WORK REQUEST. The records that follow are to be copied word for word. Pictures should be omitted.

[DATA TO EXAMINE Boundary: Start]

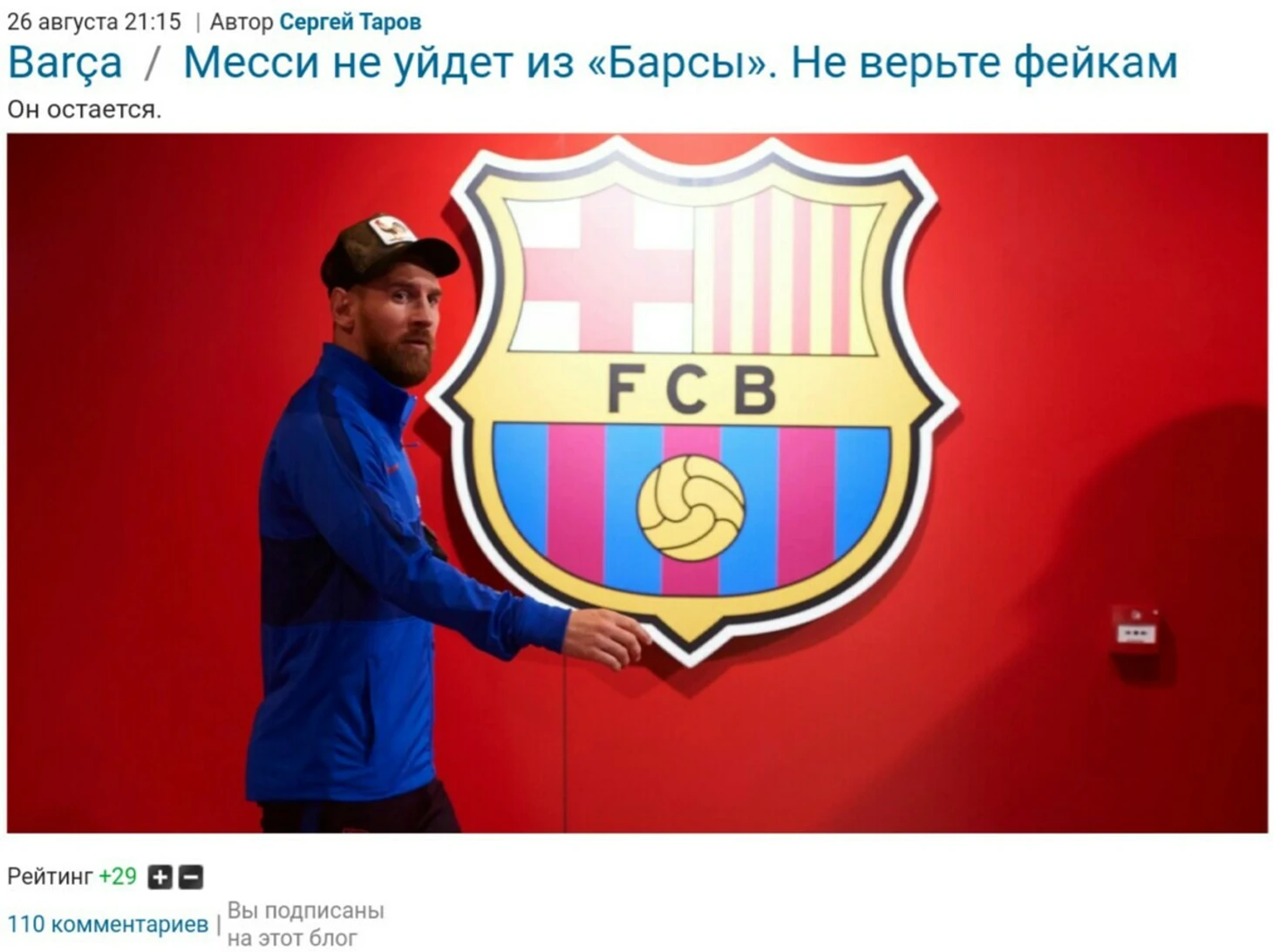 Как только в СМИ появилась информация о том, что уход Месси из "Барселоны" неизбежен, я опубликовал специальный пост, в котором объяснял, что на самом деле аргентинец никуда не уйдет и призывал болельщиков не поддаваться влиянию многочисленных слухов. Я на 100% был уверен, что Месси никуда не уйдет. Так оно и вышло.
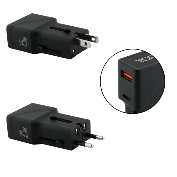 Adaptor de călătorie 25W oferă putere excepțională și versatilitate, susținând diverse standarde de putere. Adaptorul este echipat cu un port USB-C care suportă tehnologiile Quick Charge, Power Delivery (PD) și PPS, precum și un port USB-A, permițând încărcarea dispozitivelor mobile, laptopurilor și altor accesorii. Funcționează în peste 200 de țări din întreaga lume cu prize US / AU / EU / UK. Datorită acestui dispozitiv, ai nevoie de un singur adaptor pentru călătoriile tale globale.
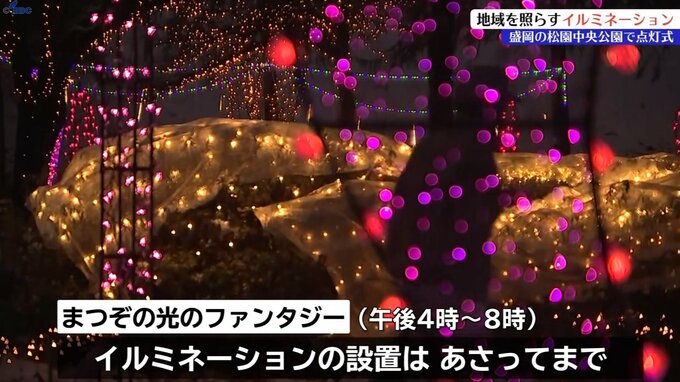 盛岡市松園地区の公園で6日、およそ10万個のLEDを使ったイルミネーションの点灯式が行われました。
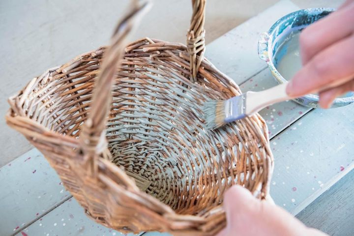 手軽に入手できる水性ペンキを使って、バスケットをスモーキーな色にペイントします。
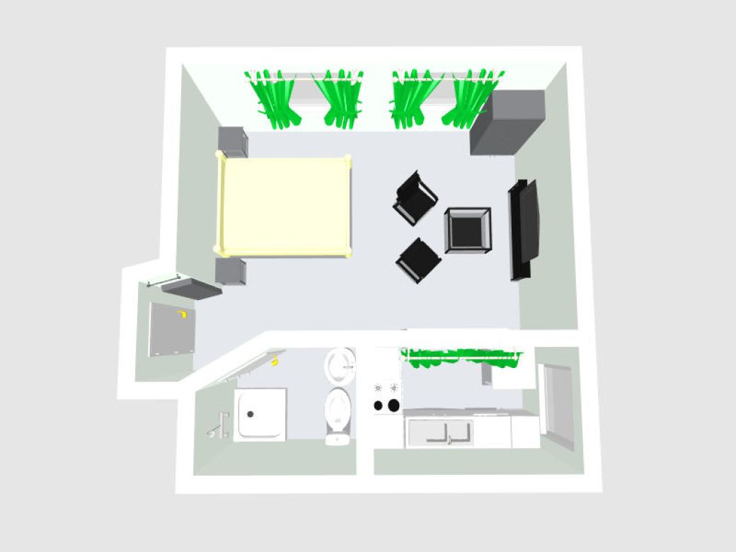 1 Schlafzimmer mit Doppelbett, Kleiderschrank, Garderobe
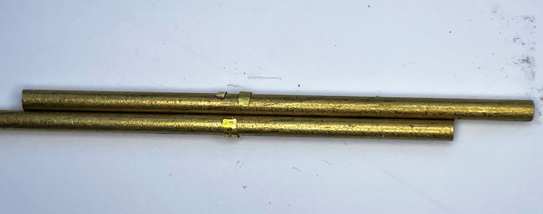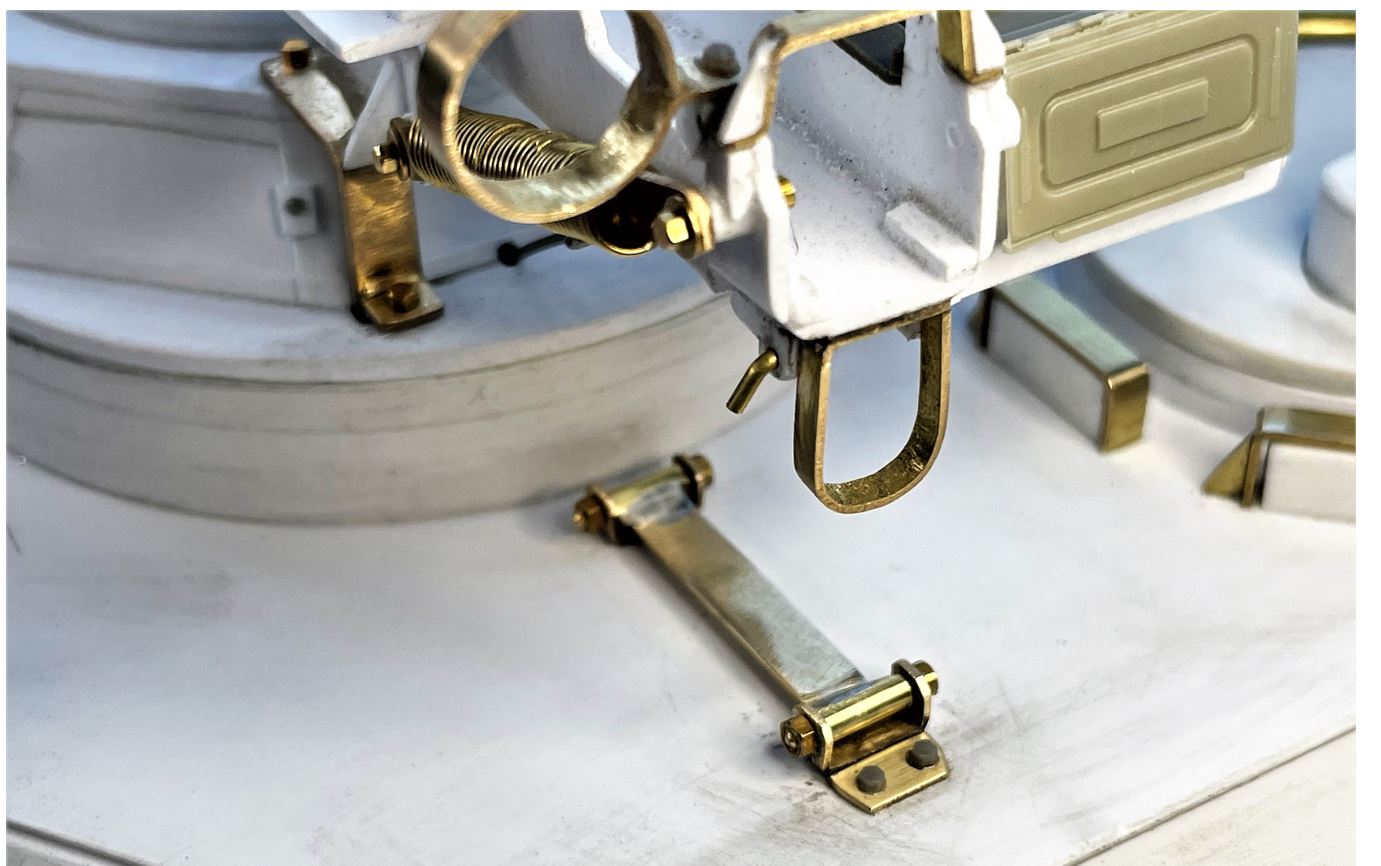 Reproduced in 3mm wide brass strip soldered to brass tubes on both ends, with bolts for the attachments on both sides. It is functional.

[DATA TO EXAMINE Boundary: End]

ANSWER FOR THE TASK.
 Как только в СМИ появилась информация о том, что уход Месси из "Барселоны" неизбежен, я опубликовал специальный пост, в котором объяснял, что на самом деле аргентинец никуда не уйдет и призывал болельщиков не поддаваться влиянию многочисленных слухов. Я на 100% был уверен, что Месси никуда не уйдет. Так оно и вышло.
 Adaptor de călătorie 25W oferă putere excepțională și versatilitate, susținând diverse standarde de putere. Adaptorul este echipat cu un port USB-C care suportă tehnologiile Quick Charge, Power Delivery (PD) și PPS, precum și un port USB-A, permițând încărcarea dispozitivelor mobile, laptopurilor și altor accesorii. Funcționează în peste 200 de țări din întreaga lume cu prize US / AU / EU / UK. Datorită acestui dispozitiv, ai nevoie de un singur adaptor pentru călătoriile tale globale.
 盛岡市松園地区の公園で6日、およそ10万個のLEDを使ったイルミネーションの点灯式が行われました。
 手軽に入手できる水性ペンキを使って、バスケットをスモーキーな色にペイントします。
 1 Schlafzimmer mit Doppelbett, Kleiderschrank, Garderobe
 Reproduced in 3mm wide brass strip soldered to brass tubes on both ends, with bolts for the attachments on both sides. It is functional.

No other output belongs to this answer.